I started writing this as a comment on Andy’s post, but it ended up quite long so I decided to blog it instead 🙂
From a user’s perspective, I’m inclined to agree—to put it bluntly, I can’t really recall the last major innovation I saw on my GNOME desktop. After all these years, we’re still mostly working on things that Windows and, more recently, OS X, can do for us already if we’re prepared to pay Apple or Microsoft for the privilege.
Clutter is one such example—it’s a promising technology for developers, and maybe it will turn out to be a “way out” of the “decadence” Andy describes. But if we just use it to write clones of Front Row or CoverFlow or any of Apple’s other CoreAnimation-based apps, then Apple will have moved on again by the time we’re finished and we’ll just be playing catch-up again.
In any case, Clutter is just a toolkit, and toolkits don’t help us with the vague lack of coherence and integration on some parts of our desktop today, or the need for more clarity of purpose going forward. For that I applaud Havoc et al.’s vision of an online desktop—while it’s not one that desperately excites me personally, I don’t have anything better to propose, and having everybody focusing on something is surely better than nobody focusing on anything 🙂
As for the HIG—I really don’t believe that it stifles creativity any more than (say) Apple’s HIG stifles theirs, but it probably has been a victim of it’s own success to some extent. It was written six years ago, and as such, it describes the best practices for six-year-old GNOME apps. We do have plans to substantially revamp it, but it won’t happen overnight.
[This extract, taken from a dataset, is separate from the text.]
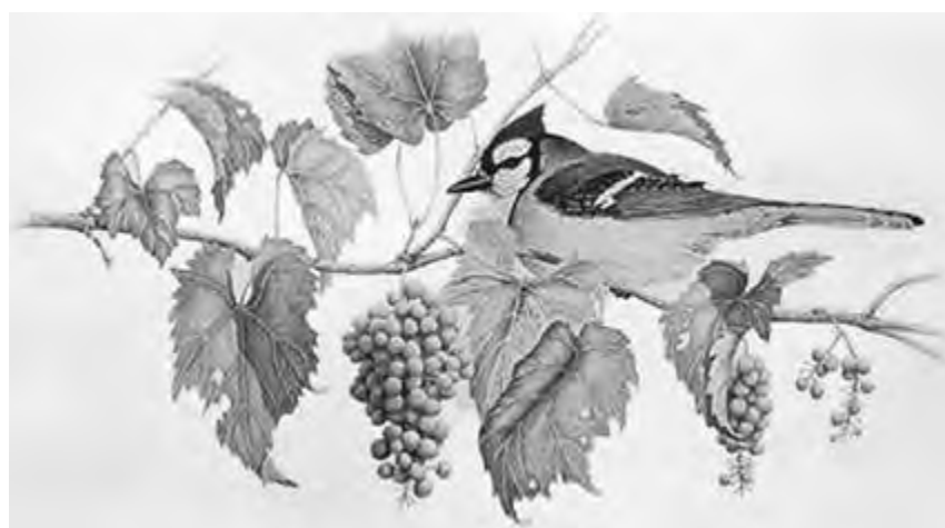
Blue Jay with Wild Grapes by Layne Larsen

10月中，我到河岸草地采葡萄，满载而归，色泽芬芳，胜似美味。在那里，我也赞赏蔓越橘，那小小的蜡宝石垂悬在草叶上，光莹而艳红，我却并不采集，农夫用耙耙集了它们，平滑的草地凌乱不堪，他们只是漫不经心地用蒲式耳和金元来计算，把草地上的劫获出卖到波士顿和纽约；命定了制成果酱，以满足那里的大自然爱好者的口味。同样地，屠夫们在草地上到处耙野牛舌草，不顾那被撕伤了和枯萎了的植物。光耀的伏牛花果也只供我眼睛的欣赏：我只稍为采集了一些野苹果，拿来煮了吃，这地方的地主和旅行家还没有注意到这些东西呢。栗子熟了，我藏了半蒲式耳，预备过冬天。这样的季节里，倘佯在林肯一带无边无际的栗树林中，真是非常兴奋的，——现在，这些栗树却长眠在铁道之下了，——

That said, the HIG shouldn’t drive major changes in GNOME’s UI, it should reflect them. But at the same time, the gtk guys (and others) need to know what changes to make for 3.0 that will support the sort of changes we might want to make going forward.
Everybody probably just needs to get talking and generate ideas to move that process along again, but I also wonder if maybe we don’t have enough rockstars in our community right at the moment—it’s much easier to reach a goal when two or three people are driving you there, than when a hundred people are all trying to make their own way.